23 En hij maakte hem zeven lampen; zijn snuiters en zijn blusvaten waren van louter goud.
Sodann fertigte er die sieben Lampen an, die zu ihm gehörten, nebst den zu ihm gehörenden Lichtscheren und Pfannen, aus gediegenem Golde.
24 Hij maakte denzelven uit een talent louter goud, met al zijn vaten.
Ein Talent gediegenen Goldes verwendete er auf ihn und die zu ihm gehörenden Geräte.

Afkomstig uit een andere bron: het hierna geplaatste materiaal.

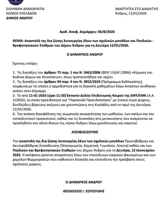Με απόφαση του Δημάρχου Άνδρου, σήμερα Δευτέρα 12/01/2026, τα σχολεία όλων των βαθμίδων, σε όλη την Άνδρο, θα παραμείνουν κλειστά.

25 En hij maakte het reukaltaar van sittimhout; een el was zijn lengte en een el zijn breedte, vierkant, maar twee ellen zijn hoogte; uit hetzelve waren zijn hoornen.
Sodann fertigte er den Räucheraltar aus Akazienholz an, eine Elle lang und eine Elle breit, viereckig und zwei Ellen hoch; seine Hörner bildeten ein Ganzes mit ihm.
26 En hij overtrok het met louter goud, zijn dak, en zijn wanden rondom, alsook zijn hoornen; en hij maakte het een gouden krans rondom.
Und er überzog ihn mit gediegenem Golde, seine Platte und seine Wände ringsum, sowie seine Hörner, und brachte einen ringsumlaufenden goldenen Kranz an ihm an.
27 Hij maakte ook twee gouden ringen daaraan, onder zijn krans, aan zijn twee hoeken, aan zijn beide zijden, tot plaatsen voor de handbomen, dat men het daarmede droeg.
Unterhalb dieses Kranzes aber brachte er an seinen beiden Ecken auf seinen beiden Seiten je zwei goldene Ringe an zur Aufnahme der Stangen, damit man ihn mittels derselben tragen könne.
28 En hij maakte de handbomen van sittimhout, en hij overtrok ze met goud.
Die Stangen aber fertigte er aus Akazienholz an und überzog sie mit Gold.
29 Hij maakte ook de heilige zalfolie, en het reukwerk der zuiverste welriekende specerijen, naar apothekerswerk.
Sodann fertigte er das heilige Salböl und das reine, wohlriechende Räucherwerk an, wie es der Salbenmischer herstellt.